Political party in Belize

The National Party of Belize (NP) was a political party established mainly to fight the anti-colonialist movement propagated by the People's United Party (PUP). It had only minimal success and was eventually deregistered.

The Party was established on August 21, 1951 and dissolved on June 26, 1958.

== Leaders ==
- President: W.H. Courtenay
- Vice President: Herbert Fuller
- Secretary: E.O.B. Barrow
- Chairman: Lionel Francis

== Objectives ==
- to secure and extend the liberties, project the interests and develop the national life and prosperity of the people of Belize by all constitutional means;
- work for the political, economic, social and cultural progress of the country;
- develop the political life of the citizenry by shaping public opinion in party meetings and literature;
- identify and support suitable members for elections;
- secure the development of a planned policy for social and economic future of Belize.

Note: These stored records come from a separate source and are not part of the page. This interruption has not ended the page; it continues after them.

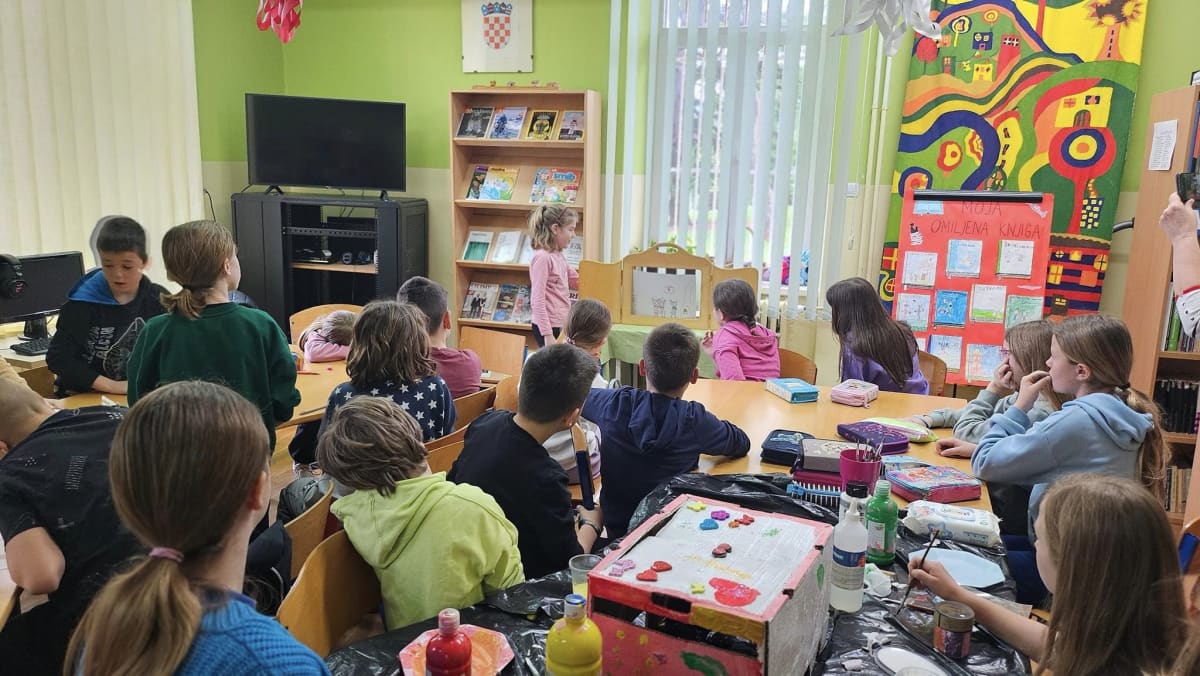 Prvi susret u knjižnici s kamišibajem učenici 3. i 4. razreda imali su zahvaljujući Izabeli Aranzi iz Udruge Birikina. Učenici su odslušali priču i na radionici izradili svoj prvi kamišibaj.
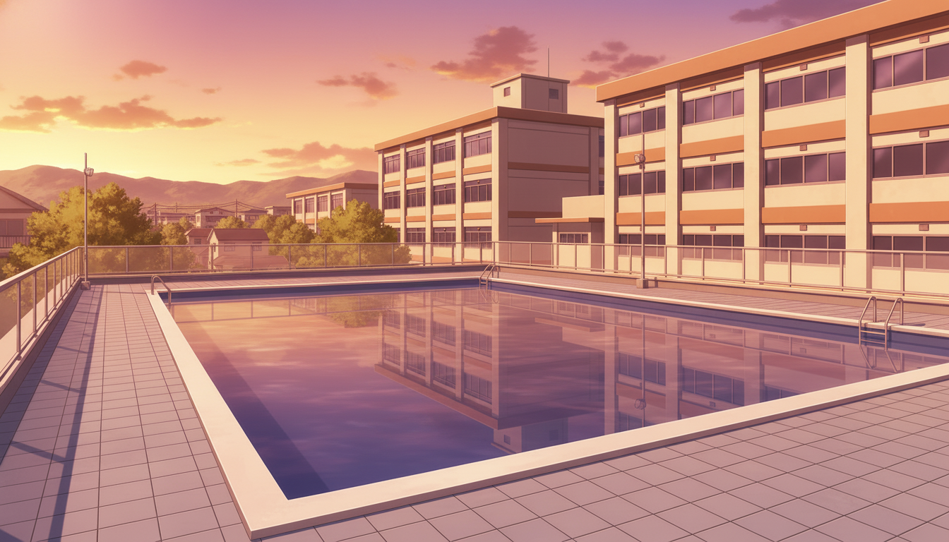 夕日に包まれた校舎とプールの反射が美しく、青春感のあるシーンにぴったりです。
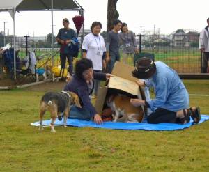 ワンちゃん飼い主さん ゲートをジャンプし仲良く段ボールをくぐり、ポールを
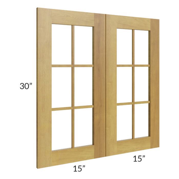 Set of mullion doors for a 30"W x 30"H wall cabinet that will match the door style of the cabinet and has clear glass. The glass is also included.
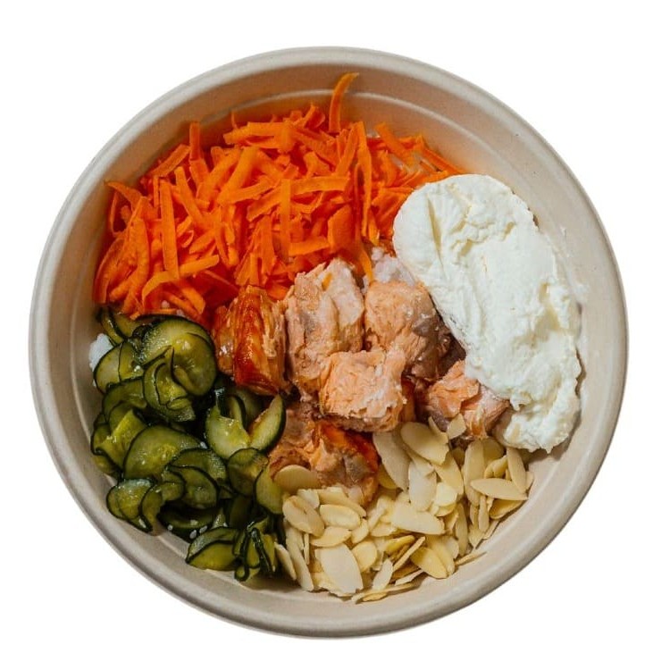 Gohan, salmão ao forno, cenoura, sunomono, cream cheese e lascas de amêndoas.
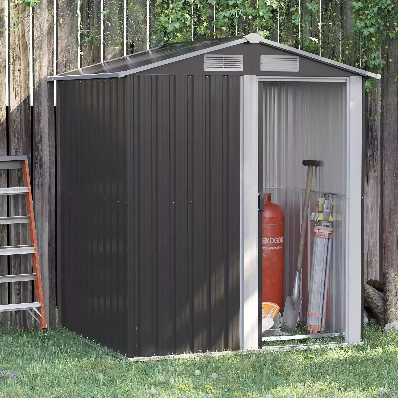 The OutSunny 5×4 Metal Apex Garden Shed with Foundation Grid- Anthracite is ideal for cost conscious ‘consumers’ without compromising durability and space.
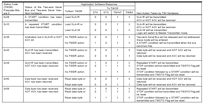 Wenn das SLA+R Adresspaket gesendet und eine Bestätigung (ACK) empfangen wurde, so wird das TWINT Flag wieder gesetzt und der Stauscode im TWSR aktualisiert. Mögliche Statuscodes in diesem Master Modus sind 38h, 40h oder 48h. Wie bei den unterschiedlichen Statuscodes weiter verfahren wird, ist in der Tabelle angegeben.
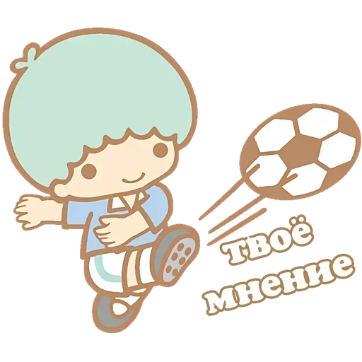 Menino de cabelo verde chuta uma bola de futebol com texto em russo 'твоё мнение' saindo da bola.
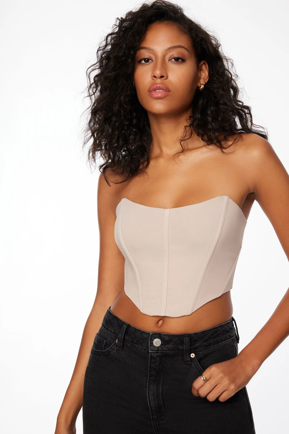 This is a strapless corset crop top with a boning detail.
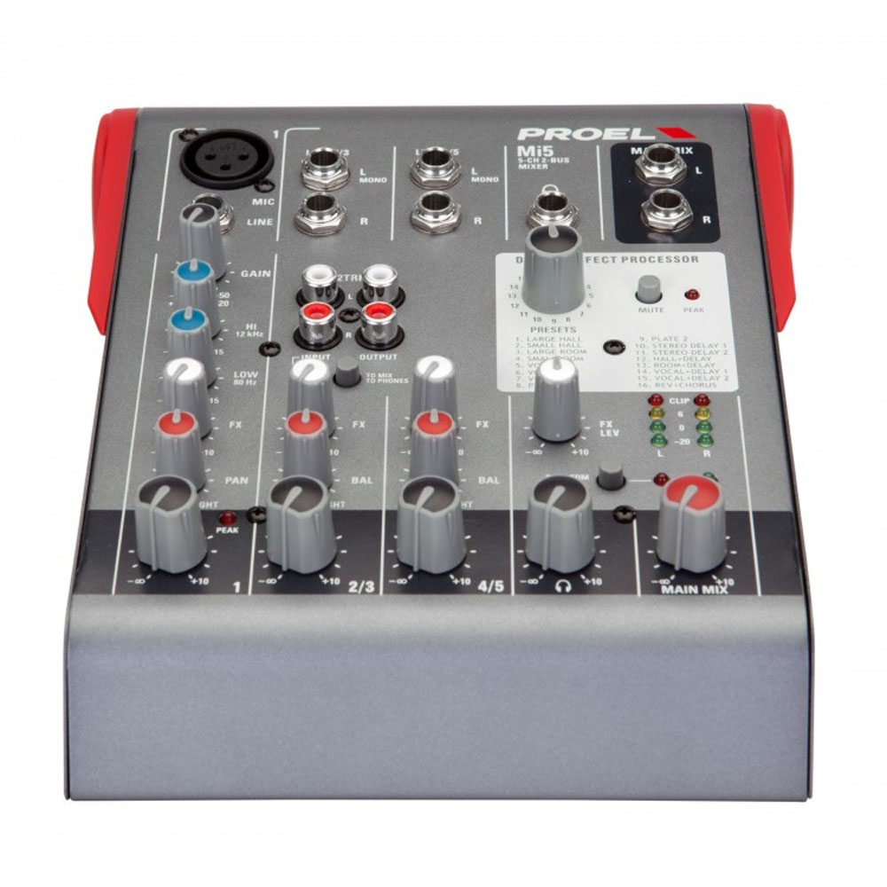 - MIXER PROEL Mi5 PASSIVO 4 CANALI MIC/LINE EQ-2 BANDE + 4 CANALI STEREO/LINE CON EFFETTI DSP ALIMENTAZIONE PHANTOM
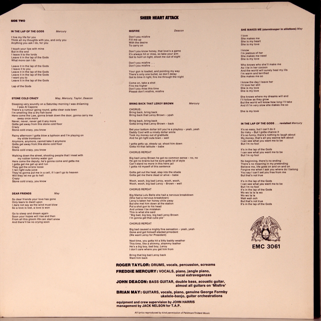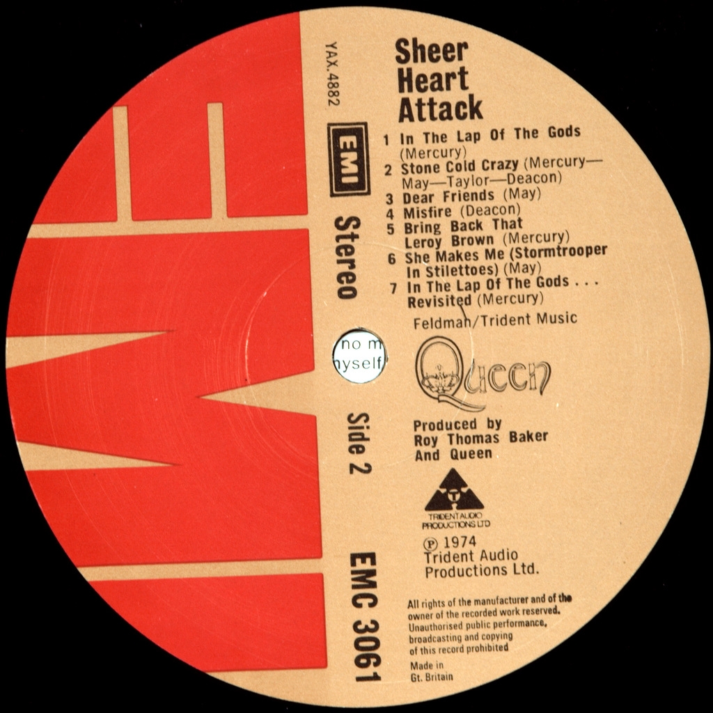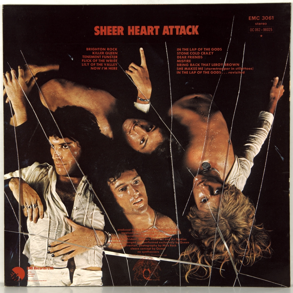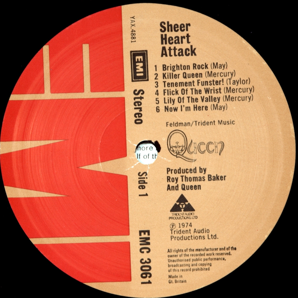 QUEEN-SHEER HEART ATTACK-1974-ПЕРВЫЙ ПРЕСС UK-EMI - EMC3061. Матрицы A-4U/B-1U. Стампера 1HO/1OO (Мечта!) Мега редкий британский экземпляр оригинала с уникальной матрицей второй стороны B-1U. Обложка из первых тысяч экземпляров печати ( без TRIDENT LOGO и CREST LOGO). Исследования приводят к мысли что скорее всего на этой комбинации матриц был запущен первый тираж 300 штук и только потом перешли к комбинациям 3/3,3/4,4/4. Об альбоме: Первая известность, равно как и коммерческий успех, пришла к группе именно с этой пластинкой, а песня «Killer Queen» стала их первым громким хитом, достигнув второго места в Англии. Сам альбом также достиг второго места в британском и 12-го в чартах Биллборд 1975 года.

Despite these ideals, the party more often acted against any change, because it consisted of persons who were against the type of radical development proposed by the People's United Party (which was formed a year earlier).

== Record in elections ==
- 1952 City Council election: Herbert Fuller named president after two attempts to elect a president failed.
- 1954 General Election: Fielded seven candidates for nine seats; Toledo's Charles Westby elected.
- 1956 City Council election: Fuller and Floss Cassasola elected from slate.
- 1957 General Election: no persons elected.

== Reception by Belizeans ==
Generally, most Belizeans felt that the National Party was hastily put together and offered no real constructive opposition to the PUP, who themselves were going through internal turmoil and had been co-opted by the British. NP members came from among the elite merchants, colonial supporters and members of the colonial apparatus who were against change and this hamstrung the Party in its attempts to gain favor with the Belizean people.

The Party was terminated by resolution at a meeting of June 26, 1958. It merged with the Honduran Independence Party (HIP) a few days later to form the National Independence Party (Belize) (NIP).